Required action: Return only the lines below starting at the line containing "TO celebrate the" and ending at the line containing "Designed for easy replacement of ink packs", both included, exactly as they are and with no pictures.

[Saved entries]
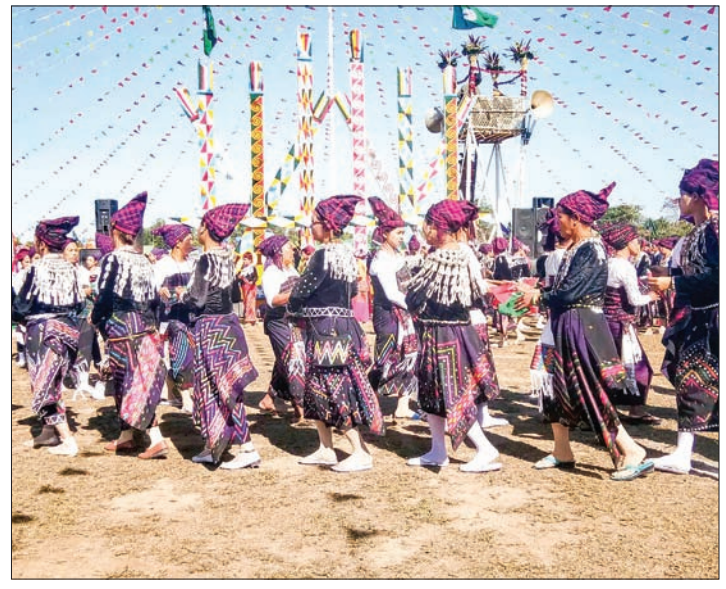
Kachin ethnic people celebrate their 70<sup>th</sup> Kachin State Day in Hpakhant Township in Mohnyin District, Kachin State.

TO celebrate the 70<sup>th</sup> Kachin State Day, a Manaw festival was held at Kaung Yar Village, Karmine Town, Hpakhant Township, in the Mohnyin District, Kachin State, on Wednesday.
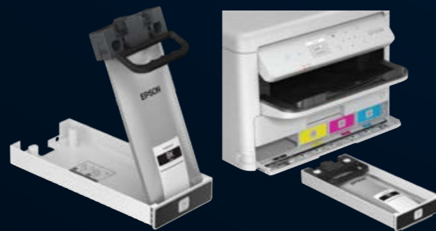
Designed for easy replacement of ink packs

In addition, Epson's DURABrite™ Ultra ink delivers laser-like quality prints that are water- and smudge-resistant.
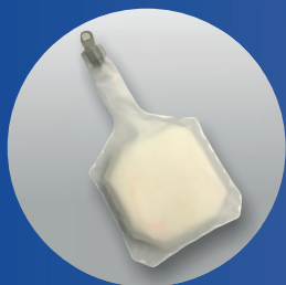
LUNG (Ref. SP-001 (PB))
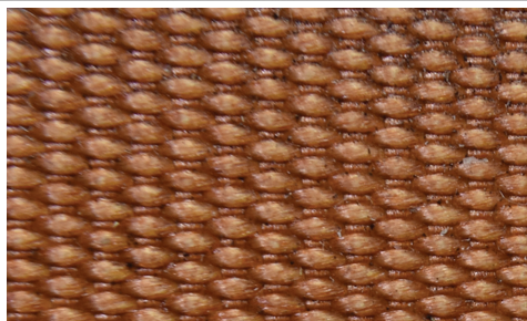
Bottom Cover View
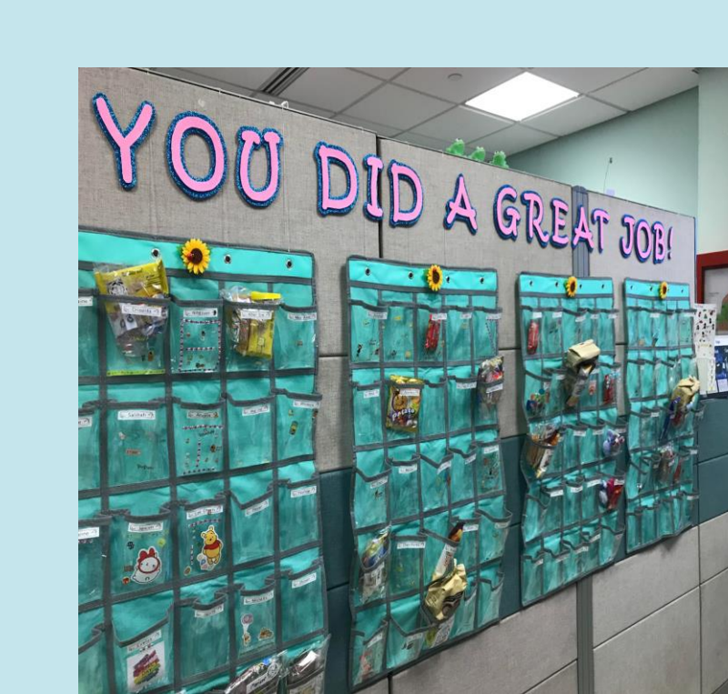
Encouragement goodies for jobs well done by staff

Nurses were given an electronic self-administered survey after the launch of these activities. Five close-ended questions using 5 point Likert scale were disseminated to the nurses indicating "Strongly Disagree"(1) to "Strongly Agree" (5).

Written answer:
TO celebrate the 70<sup>th</sup> Kachin State Day, a Manaw festival was held at Kaung Yar Village, Karmine Town, Hpakhant Township, in the Mohnyin District, Kachin State, on Wednesday.
Designed for easy replacement of ink packs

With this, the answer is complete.